Three decades later, one of those refugee children is a doctor; the others all productive members of society as well. The parents are naturalized citizens, and separated. And the third of those four children -- Thi Bui, who was only a few years old when they fled -- is becoming a mother herself, and investigating her family's stories and history to learn more about where she came from.

This is The Best We Could Do. It's an immigrant story, which is to say the most American kind of story possible. (If you disagree with me about that, the door is that way. Don't let it hit you as you leave.)

Thi Bui had a complicated relationship with her parents -- they were demanding and tough the way a lot of first-generation immigrant parents were, trying to keep up the traditions of their homeland and be more American than anyone else at the same time. She was the third girl of the four kids -- the youngest was the only boy -- which means her sisters, nearly ten years older, got to fight the battles so that she could have it a little easier. This book is the story of those complicated relationships, through the life stories of those parents, all the way up to the present day.

The Best We Could Do is a graphic novel that took Bui around fifteen years to make -- not the writing and drawing, or not entirely, but gathering the stories of her family and writing her way into them.
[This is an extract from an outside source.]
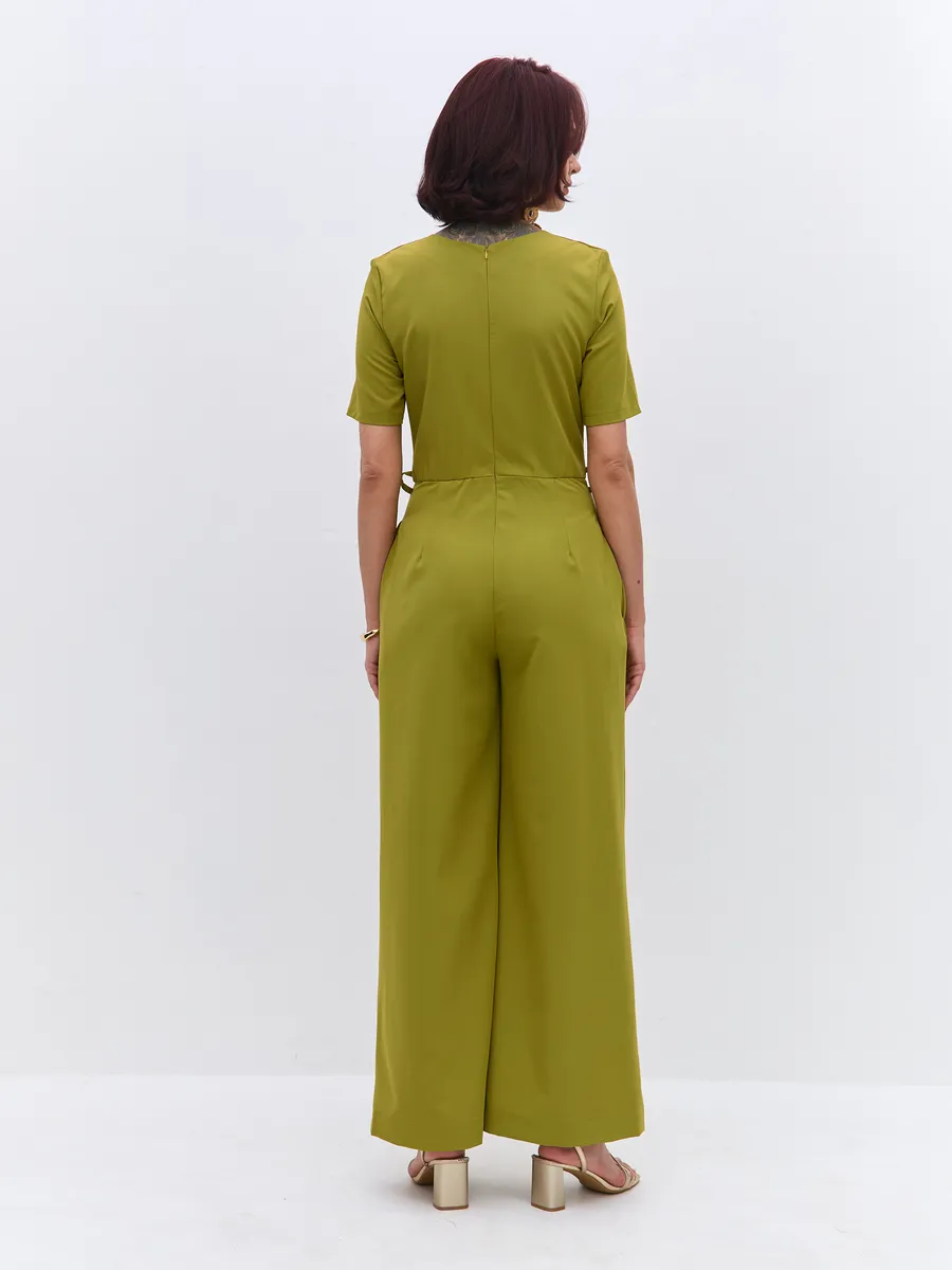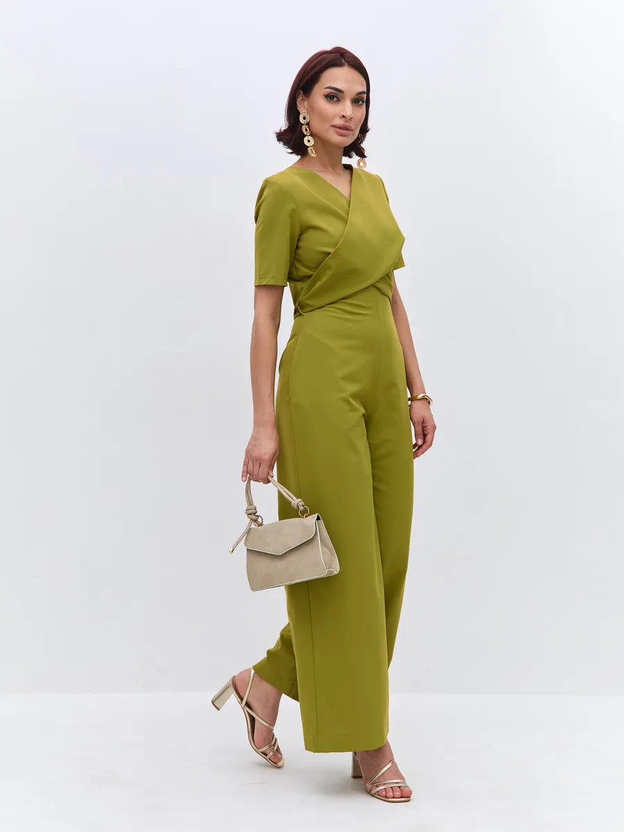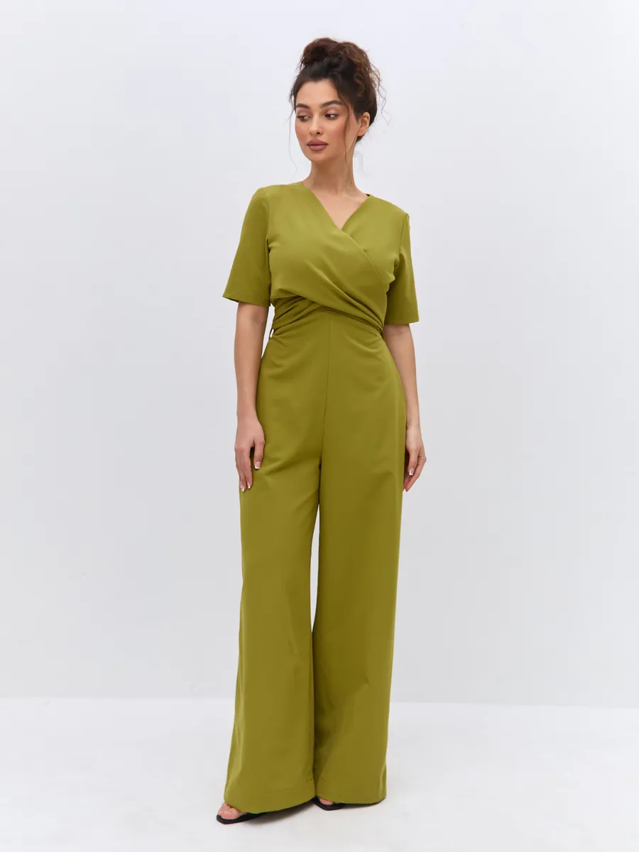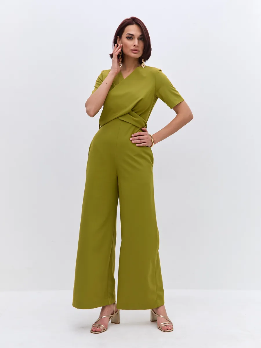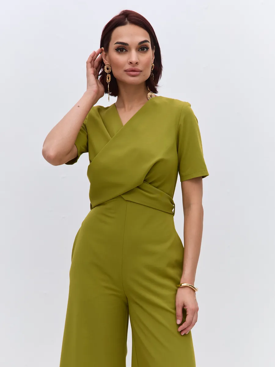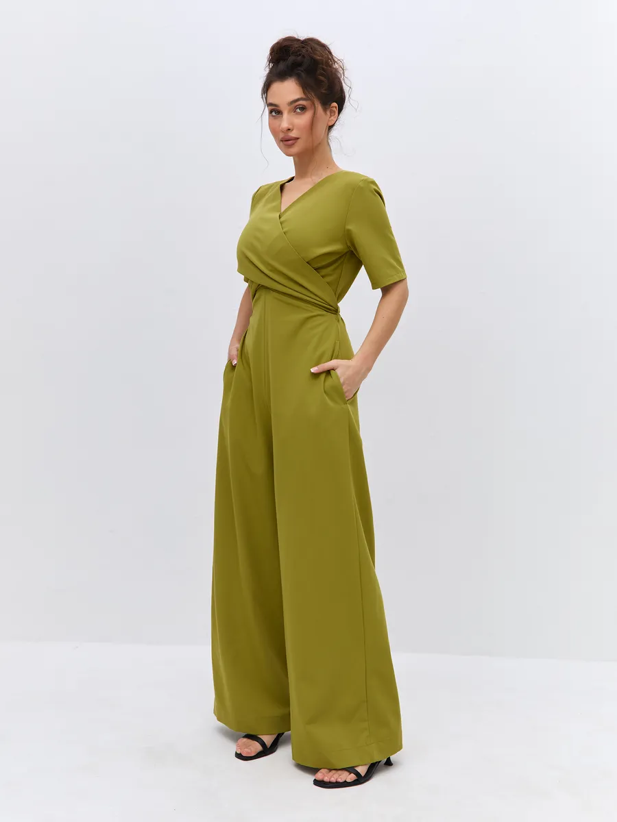 Трендовый зеленый цвет till green (тил грин) Комбинезон брючный осенний от NARCISSE & MOLOKO APPAREL – это стильное и комфортное решение для летних вечеров. Модель выполнена из плотной костюмной ткани Бостон с добавлением вискозы и лайкры, что обеспечивает приятные тактильные ощущения и свободу движений. Благодаря широким брюкам-палаццо комбинезон подчеркнет вашу фигуру и создаст элегантный силуэт. Модель украшена поясом с перекрутом, который добавляет образу изюминку. Комбинезон оснащен короткими рукавами, вшивными карманами и застегивается на молнию. Он идеально подойдет для выпускного, вечерних мероприятий или просто для создания стильного образа на каждый день.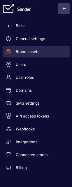 - Select “Brand assets” from the settings menu.

She had to find this story, to make it out of the materials in front of her, and that took time. This may be one of the best examples of the maxim "everyone has one great book in them" -- but I don't want to jinx Bui. She may go on to tell other stories as well, and they may take less than fifteen years. (I hope so: it would be a shame not to have other books by her, when she can make books this strong.)

But right now we have this book, and it's an engrossing, encompassing view of the lives of one Vietnamese-American family. A book of tradition and hard work and fighting against outside forces and leaping at a chance for safety and happiness. Again, a quintessentially American story, and a great one.